#### MATERIAL SHOWN:
● ● ● ● ●
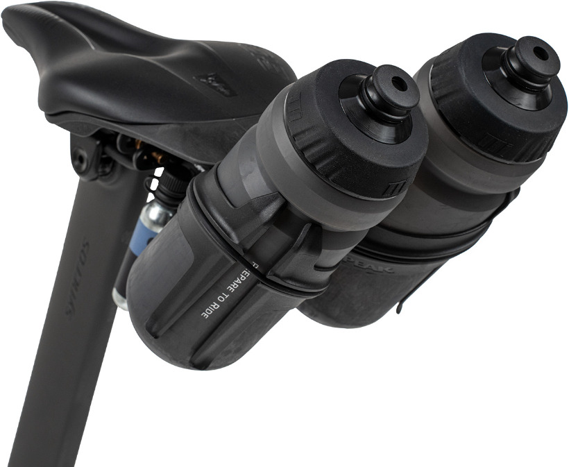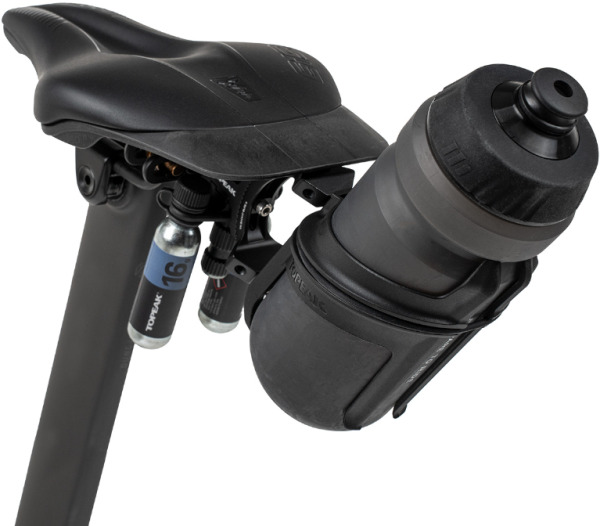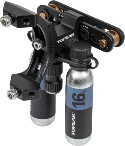 Tri-BackUp Elite 2 оснащен двумя креплениями под баллончики с C02 для быстрой подкачки покрышек, а также креплением для одной или двух фляг емкостью до 750 мл. Обновленная версия держателя оснащена направляющими с более широким диапазоном угла наклона, что позволит улучшить эргономику и быстро пользоваться прикрепленными аксессуарами прямо на ходу. Также, улучшения получил и флягодержатель. Теперь он имеет двойную резьбу, что препятствует проскальзыванию фляги внутри и дает более надежную фиксацию. Кроме этого, держатель оборудован дополнительным местом для крепления C02 насоса Topeak Micro Air Booster. Максимальная нагрузка составляет 2,5 кг.
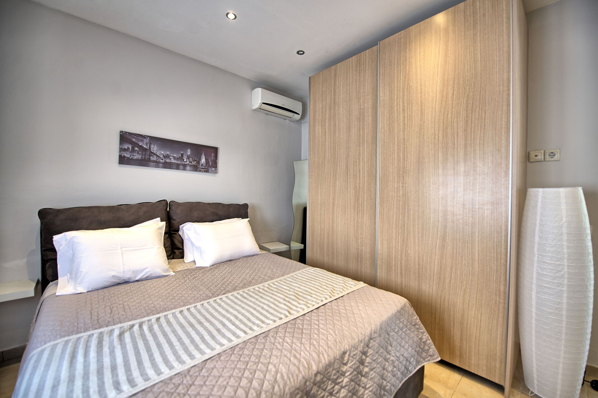 Ground floor (access is 4 steps up): living room (air conditioning) with dining area and kitchen corner (oven, freezer, microwave); 1 double bedroom (air conditioning); single bedroom; bathrooms with shower; double bedroom (air conditioning) with private bathroom with shower.
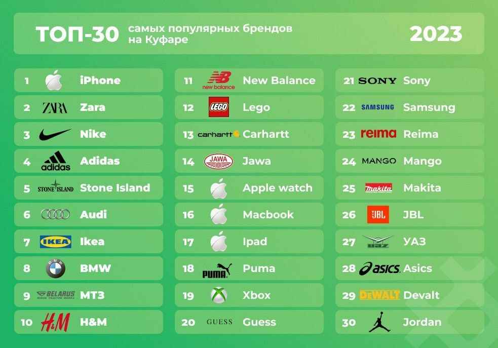 Чтобы узнать самые популярные запросы пользователей, портал объявлений Куфар проанализировал более миллиарда запросов пользователей за 2023 год. В топе оказались товары из категорий «Женский гардероб», «Мужской гардероб» и «Мебель». Все бренды – заграничные (в том числе ушедшие с рынка нашей страны). Кроме одного – да, есть и наш, отечественный.
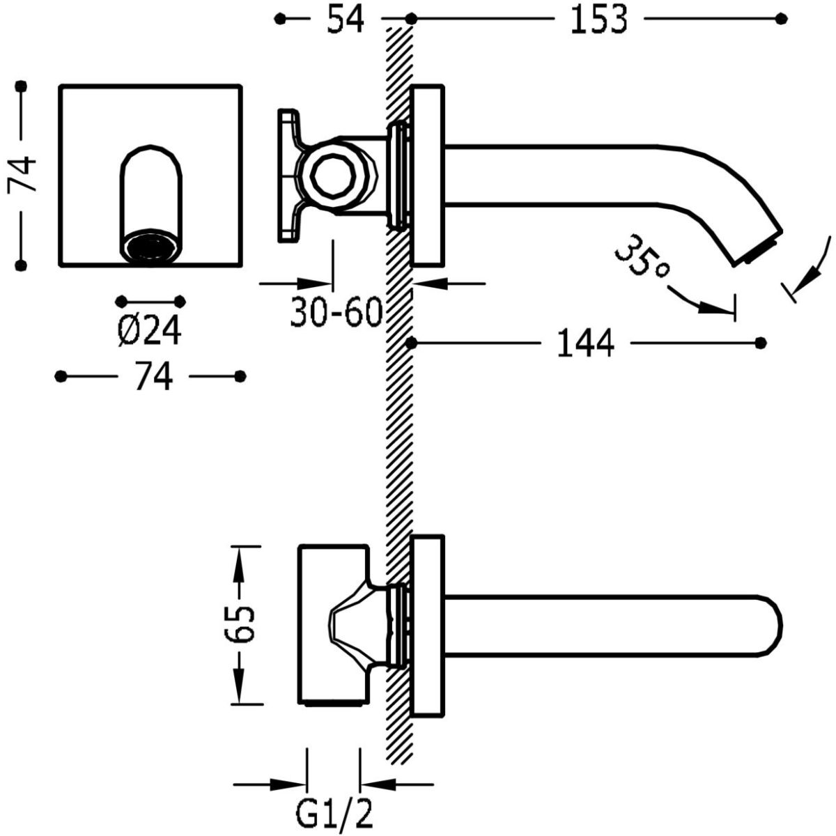 - Länge des Auslaufs: 153 mm
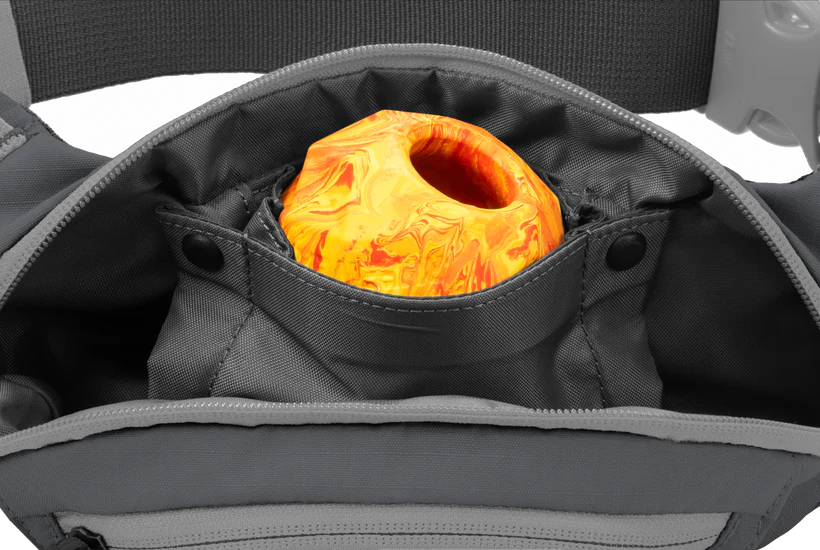 While the comfortable, low-profile design is for the humans, the details are for the dogs. An internal mess pocket keeps treats or slimy toys separate from other contents, pick-up bags stash in an exterior mesh pocket, and there's plenty of room for a leash, collapsible bowl, and other small necessities. The stealthy pocket on the back has quick-grab access to your phone so you never miss a photo-op with your #1 trail buddy.
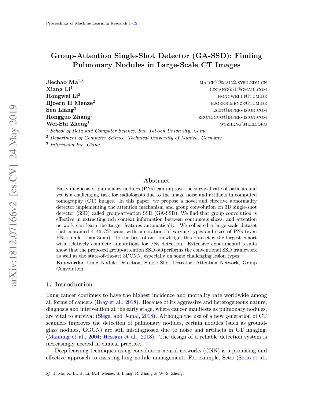 Group-Attention Single-Shot Detector (GA-SSD): Finding Pulmonary Nodules
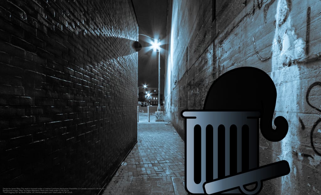 Design by James Riley; This work is licensed under a Creative Commons Attribution-ShareAlike 2.5 Canada License (CC BY-SA 2.5). Background image: “Alley” by Edgar Alfonseca | Flickr.com; Used under CC BY-SA 2.0. “Trash Digging Cat” by Denis Sazhin, US | thenounproject.com. Used under CC BY 3.0 US.
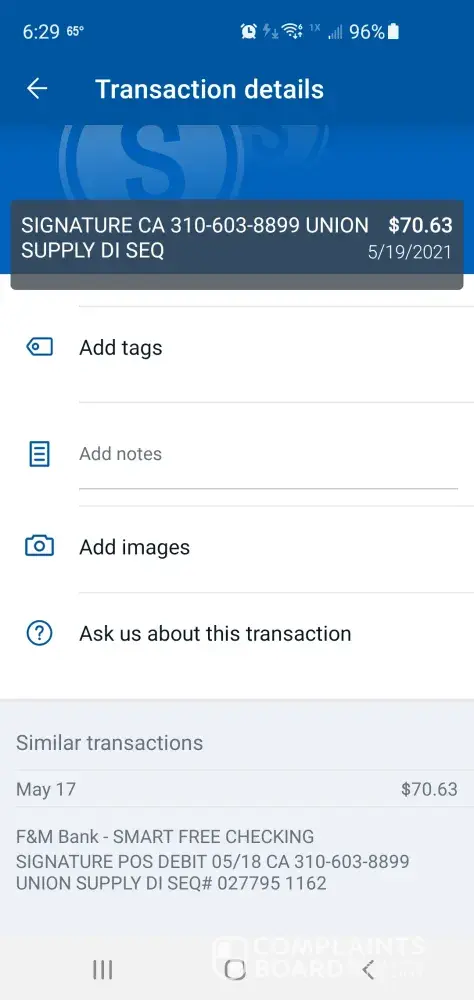 My debit card was charged $53.95, $50.00 for the deposit and $3.95. for the fee. I have a statement from the debit card account showing that amount was deducted and paid to Union Supply.
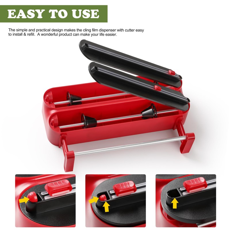 - ✅ Optimize Your Kitchen Space: This sleek, compact cling wrap dispenser with cutter (only 14.6" long) liberates valuable counter space. Magnetically attach it to your fridge or mount it on a cabinet door to maximize kitchen efficiency. Enjoy an organized, minimalist kitchen - even in smaller apartments! Includes a BONUS 50m BPA-Free Plastic Wrap roll to get you started!
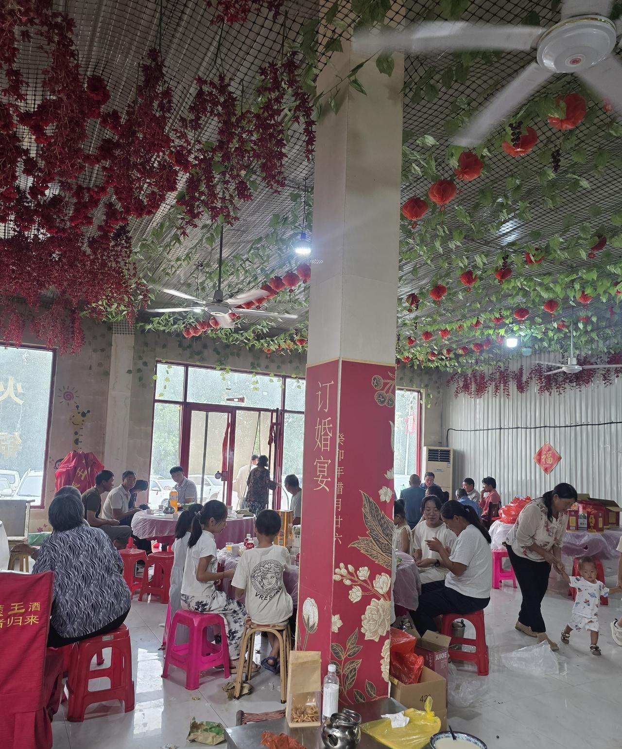 村里的订婚宴…… 中午家里有客人,我在隔壁村饭店订了10个菜,12点来取菜时,正
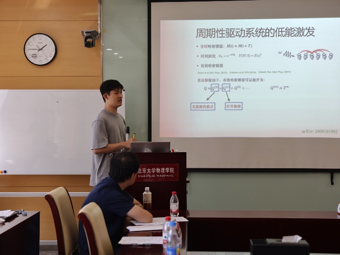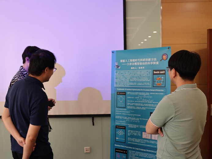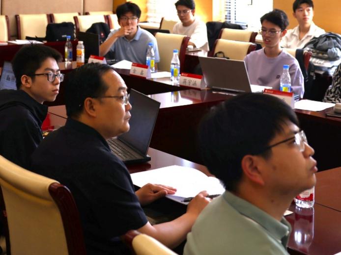 随后,主持人宣读了本届论坛的评审规则和注意事项,论坛展示汇报正式开始。侯阳、侯宗岳、蒋宇涵、金鑫、梁舟、吴润民、胡容玮、禹坤煜、郑天棋九位本科生依次上场,将研究采取的思路和取得的科研成果向现场评委、同学做了汇报,并接受了评委老师的提问。中场休息的茶歇环节,宋卓洋同学通过墙报展示了自己的成果,评委老师与观摩同学进行了热切交流。
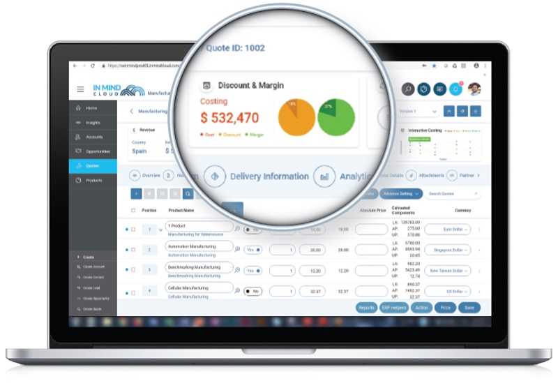 Seamless CPQ solution with advanced pricing analytics and order management for rapid Lead to Cash automation.
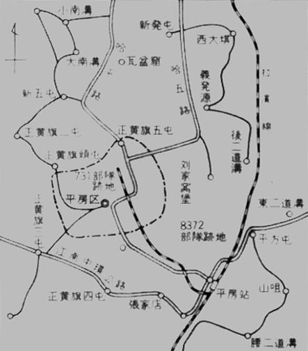 731部队坐落在平房的东北部,其占地面积内包括了21个村庄:即义发源、正黄旗五屯、正黄旗四屯、新五屯、瓦盆窑、大南沟、小南沟、正黄旗头屯、二屯、三屯、黄家窝堡、韩四家子、大乔家、三家子、张家店、平房屯、韩家店、腰二家沟、后二道沟、东二道沟和山咀,其占地共约80平方公里。
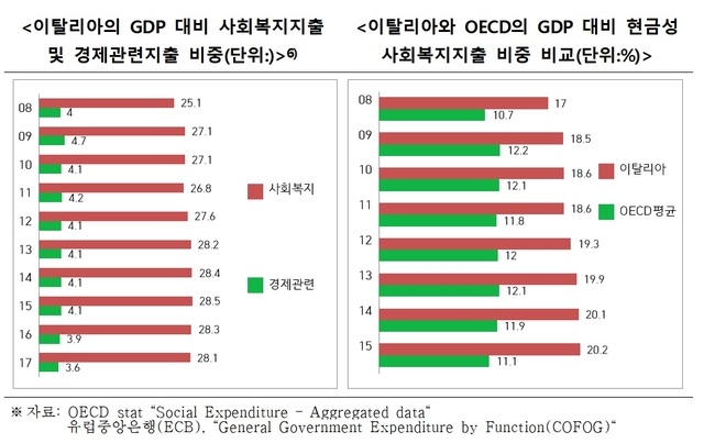 2008년 이탈리아 GDP의 25.1%를 차지한 사회복지지출 2017년 28.1%로 증가했다.
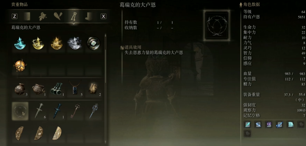 大卢恩是击败特定半神后获得的强大符文,激活后能为玩家提供临时增益效果,但激活过程需要前往对应的神授塔并完成特定步骤。玩家需要击败持有大卢恩的Boss,如葛瑞克或拉塔恩,以获取符文本身;必须前往该Boss关联的神授塔塔顶,在赐福点休息并选择装备大卢恩。这一步是激活的基础,装备后大卢恩不会立即生效,还需要使用道具卢恩弯弧来释放其力量。
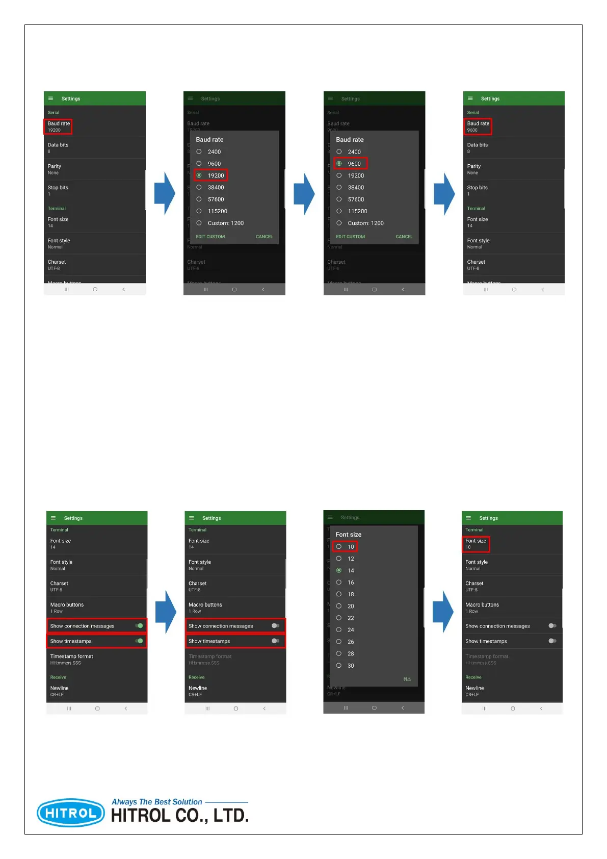 □ The size of the Terminal Font is the size set in the Smartphone.
● ● ● ● ●
#### WORK TASK:
Using the entries above, write out exactly the lines from the one with "Ground floor (access" through the one with "- Länge des Auslaufs: 153 mm", ends included. Leave out any pictures.

#### TASK SOLUTION:
 Ground floor (access is 4 steps up): living room (air conditioning) with dining area and kitchen corner (oven, freezer, microwave); 1 double bedroom (air conditioning); single bedroom; bathrooms with shower; double bedroom (air conditioning) with private bathroom with shower.
 Чтобы узнать самые популярные запросы пользователей, портал объявлений Куфар проанализировал более миллиарда запросов пользователей за 2023 год. В топе оказались товары из категорий «Женский гардероб», «Мужской гардероб» и «Мебель». Все бренды – заграничные (в том числе ушедшие с рынка нашей страны). Кроме одного – да, есть и наш, отечественный.
 - Länge des Auslaufs: 153 mm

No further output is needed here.